--- Data provided ---
+--

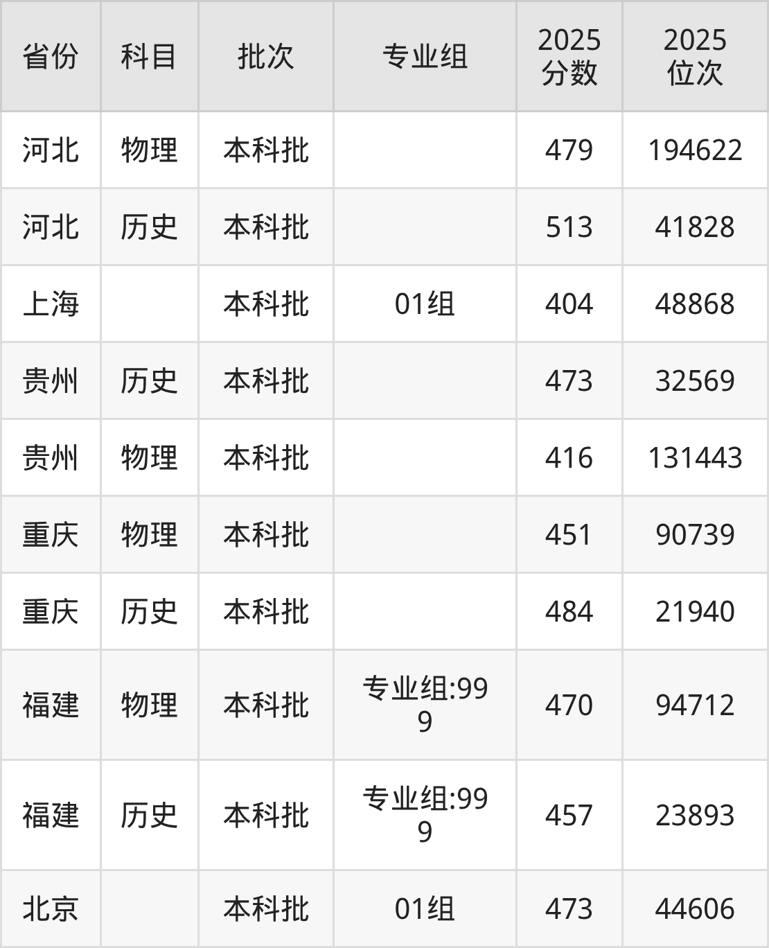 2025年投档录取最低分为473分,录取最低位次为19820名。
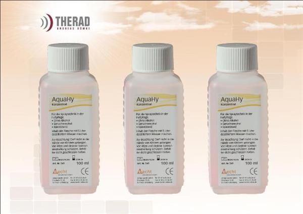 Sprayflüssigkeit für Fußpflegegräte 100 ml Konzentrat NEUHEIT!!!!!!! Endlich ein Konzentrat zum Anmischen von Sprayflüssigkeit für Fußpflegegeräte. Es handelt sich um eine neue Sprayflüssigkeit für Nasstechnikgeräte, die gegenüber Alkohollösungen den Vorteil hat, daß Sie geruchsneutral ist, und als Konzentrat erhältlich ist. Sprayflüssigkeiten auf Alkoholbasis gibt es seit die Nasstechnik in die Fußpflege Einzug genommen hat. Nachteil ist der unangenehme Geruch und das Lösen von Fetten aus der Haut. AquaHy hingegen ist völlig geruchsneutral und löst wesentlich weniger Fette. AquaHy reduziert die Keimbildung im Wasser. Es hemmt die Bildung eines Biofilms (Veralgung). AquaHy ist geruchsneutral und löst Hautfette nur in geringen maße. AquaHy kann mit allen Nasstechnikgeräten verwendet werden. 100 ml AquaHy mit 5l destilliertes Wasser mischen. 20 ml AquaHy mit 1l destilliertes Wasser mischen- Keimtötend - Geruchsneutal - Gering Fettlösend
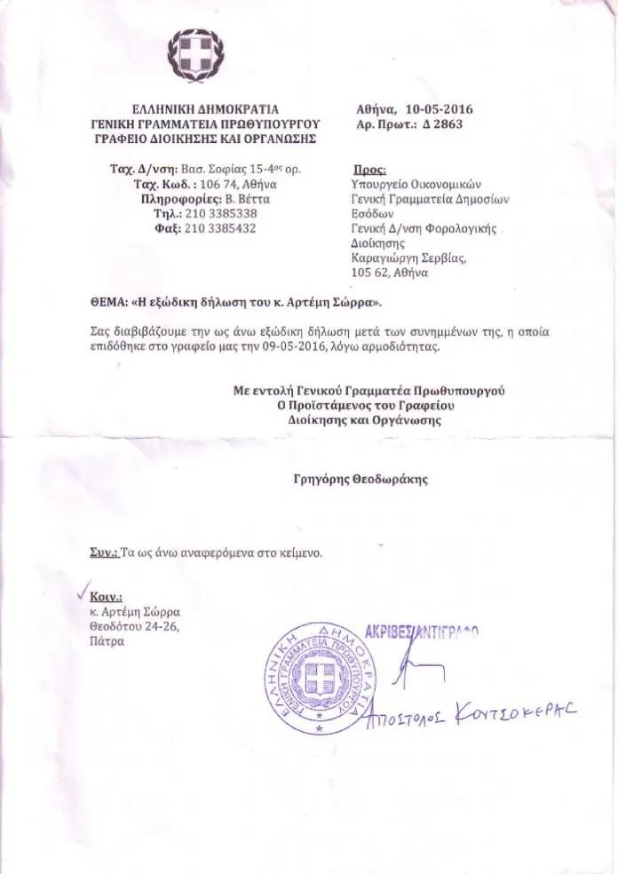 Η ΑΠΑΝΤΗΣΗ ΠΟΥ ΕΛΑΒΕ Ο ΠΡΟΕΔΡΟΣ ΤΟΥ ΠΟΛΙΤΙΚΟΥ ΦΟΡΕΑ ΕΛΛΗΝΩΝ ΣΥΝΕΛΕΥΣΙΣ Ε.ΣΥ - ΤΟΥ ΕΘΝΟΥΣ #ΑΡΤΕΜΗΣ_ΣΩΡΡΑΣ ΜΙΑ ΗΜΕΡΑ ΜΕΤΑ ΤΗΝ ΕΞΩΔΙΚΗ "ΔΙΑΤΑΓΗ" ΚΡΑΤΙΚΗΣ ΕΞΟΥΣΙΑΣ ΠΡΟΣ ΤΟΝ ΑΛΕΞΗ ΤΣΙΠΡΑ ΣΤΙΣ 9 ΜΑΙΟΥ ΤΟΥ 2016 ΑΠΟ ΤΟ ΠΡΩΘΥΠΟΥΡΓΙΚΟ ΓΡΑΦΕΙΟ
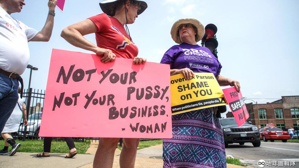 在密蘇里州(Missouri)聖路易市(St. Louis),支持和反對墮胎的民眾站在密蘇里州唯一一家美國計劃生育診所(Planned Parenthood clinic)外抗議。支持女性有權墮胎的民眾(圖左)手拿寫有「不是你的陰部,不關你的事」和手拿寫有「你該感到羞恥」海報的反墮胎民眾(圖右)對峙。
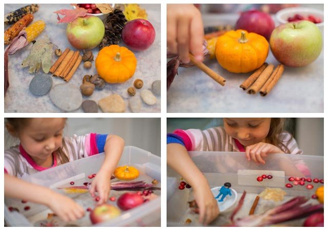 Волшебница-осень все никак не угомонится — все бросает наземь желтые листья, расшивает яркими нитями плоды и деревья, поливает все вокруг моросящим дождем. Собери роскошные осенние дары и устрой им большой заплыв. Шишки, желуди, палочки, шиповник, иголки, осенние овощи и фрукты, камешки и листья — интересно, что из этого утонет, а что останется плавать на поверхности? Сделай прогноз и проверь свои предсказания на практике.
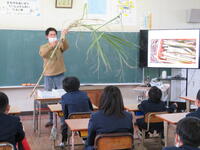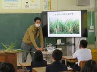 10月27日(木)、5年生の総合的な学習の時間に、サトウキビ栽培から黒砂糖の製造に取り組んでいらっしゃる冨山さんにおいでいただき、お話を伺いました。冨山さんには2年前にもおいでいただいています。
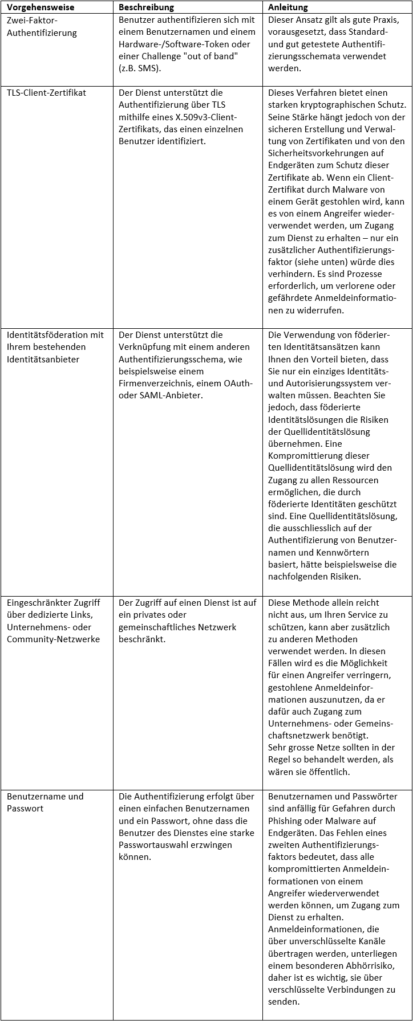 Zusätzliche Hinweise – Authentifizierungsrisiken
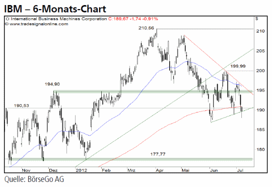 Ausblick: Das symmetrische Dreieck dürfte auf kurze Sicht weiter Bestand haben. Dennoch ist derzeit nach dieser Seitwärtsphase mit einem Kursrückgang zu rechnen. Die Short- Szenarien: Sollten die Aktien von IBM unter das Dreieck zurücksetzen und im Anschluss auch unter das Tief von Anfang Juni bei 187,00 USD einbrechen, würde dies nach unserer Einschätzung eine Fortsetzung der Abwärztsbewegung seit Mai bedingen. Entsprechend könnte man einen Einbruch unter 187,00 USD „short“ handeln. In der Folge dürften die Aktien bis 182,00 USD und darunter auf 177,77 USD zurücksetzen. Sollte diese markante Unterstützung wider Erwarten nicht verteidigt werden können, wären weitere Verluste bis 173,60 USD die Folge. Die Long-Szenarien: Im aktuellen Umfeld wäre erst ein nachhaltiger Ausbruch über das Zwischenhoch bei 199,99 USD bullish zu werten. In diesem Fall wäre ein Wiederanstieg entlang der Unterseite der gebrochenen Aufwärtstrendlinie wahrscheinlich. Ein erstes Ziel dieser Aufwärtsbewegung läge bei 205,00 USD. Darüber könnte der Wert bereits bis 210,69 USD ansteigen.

+--

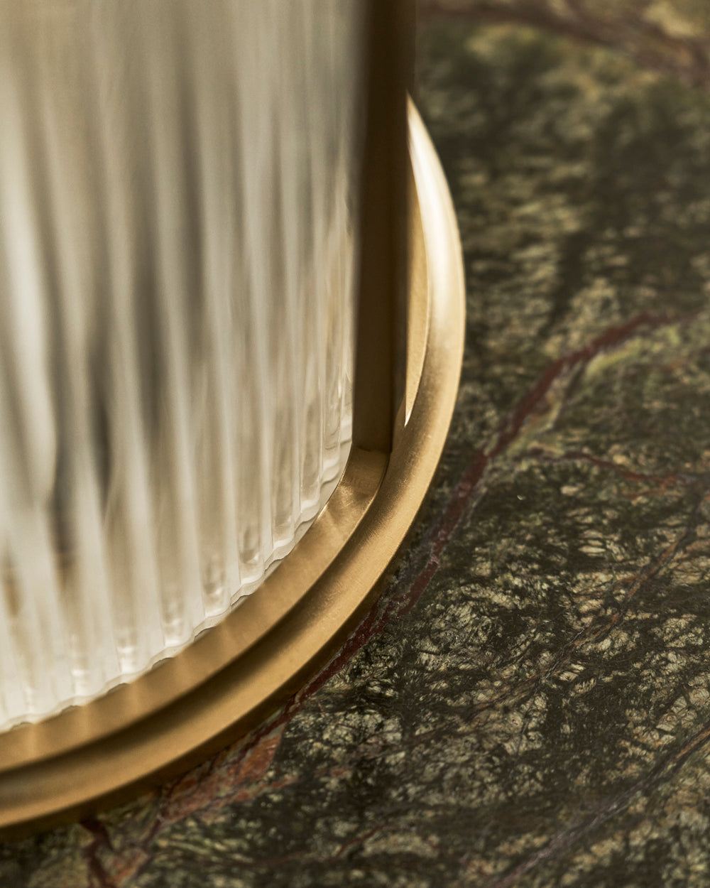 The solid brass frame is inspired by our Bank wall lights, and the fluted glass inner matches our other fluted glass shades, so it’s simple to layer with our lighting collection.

+--

--- Task details ---
From the listing above, please give again the lines that begin with the line holding "10月27日(木)、5年生の" and go on through the line holding "Zusätzliche Hinweise –", exactly, both ends included, minus any picture.

--- Response to this exercise ---
 10月27日(木)、5年生の総合的な学習の時間に、サトウキビ栽培から黒砂糖の製造に取り組んでいらっしゃる冨山さんにおいでいただき、お話を伺いました。冨山さんには2年前にもおいでいただいています。
 Zusätzliche Hinweise – Authentifizierungsrisiken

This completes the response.